Unfortunately, law enforcement and the communities they serve are bearing the brunt of these shortsighted policies. Departments throughout California and across the nation are contending with rising crime rates while being understaffed and struggling to recruit and retain officers. Officers on the street are also up against more dangers than ever before, with crimes involving firearms on the rise. The Fraternal Order of Police reports that 63 of the 346 officers who were shot in the line of duty in 2021 were killed. These numbers include 130 officers who were shot in 103 separate ambush-style attacks, resulting in the deaths of 30 officers.
This year, high-profile shootings across the nation — including in New York, where two NYPD officers were fatally shot recently — have featured prominently on national news programs and grabbed the attention of President Joe Biden, who recently visited NYPD Headquarters to discuss his administration’s plans to combat violence. Biden commended those who wear the uniform, thanking them for putting “their lives on the line every single day to keep our community safe.” During the meeting, he called for enhanced tools, training and funding for police nationwide, repeating his stance that “the answer is not to defund the police,” CNN reports. Time will tell whether the president’s words will translate into action and whether city and state officials will follow suit.
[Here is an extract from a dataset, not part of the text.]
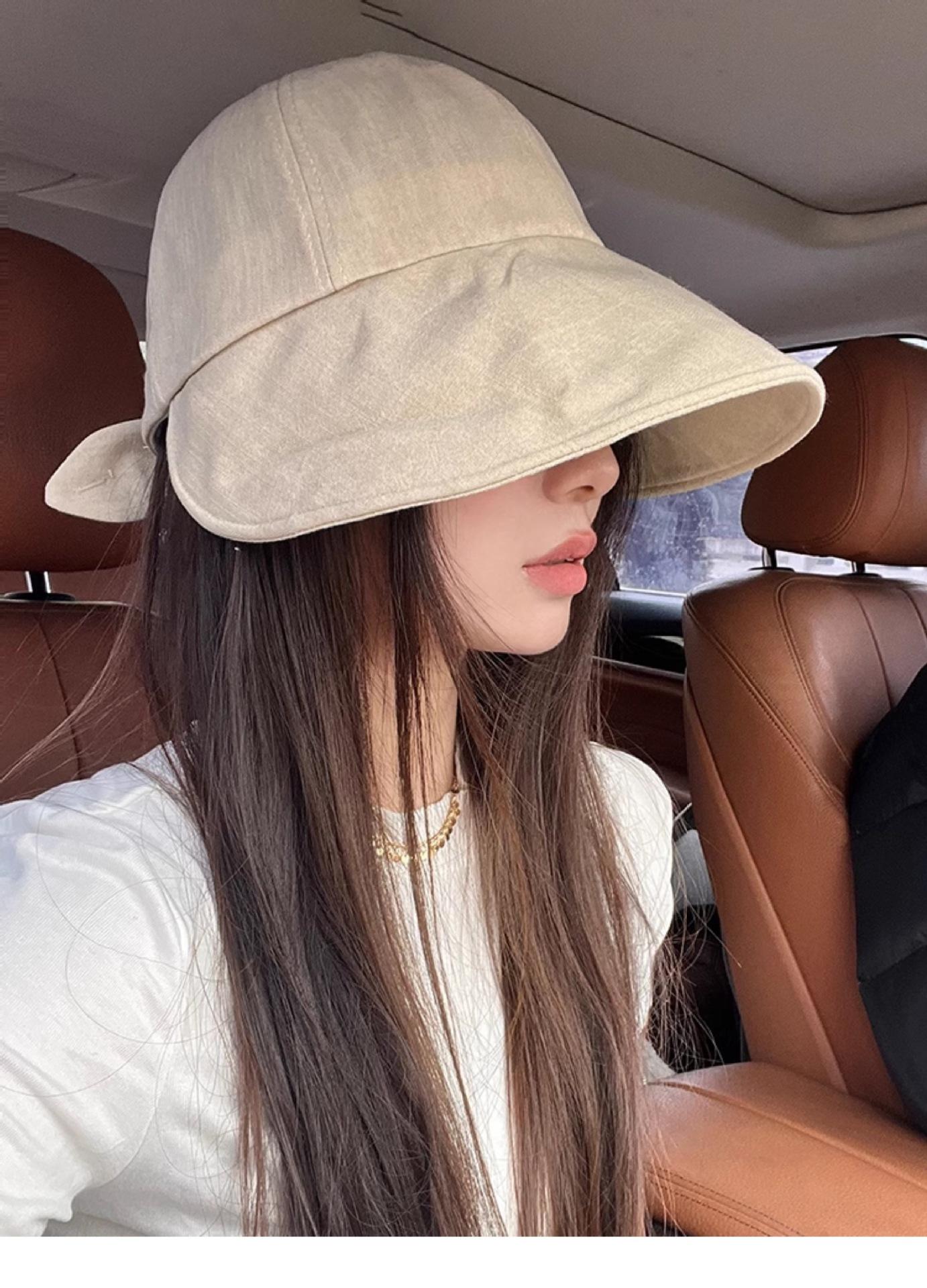 Off-white (bow linen bucket hat), Black (bow linen bucket hat), Gray (bow linen bucket hat), Oatmeal color (bow linen bucket hat)

“This is arguably the most difficult time to be a police officer. Crime is rising, yet police officers are not being given the support they need to do their jobs effectively. Instead, we are being vilified by certain politicians, the media and community groups,” McClain says. “Law enforcement needs support and policies that protect our communities and public safety, not criminals. The writing is on the wall — crime rates will continue to climb if these progressive policies remain in place.”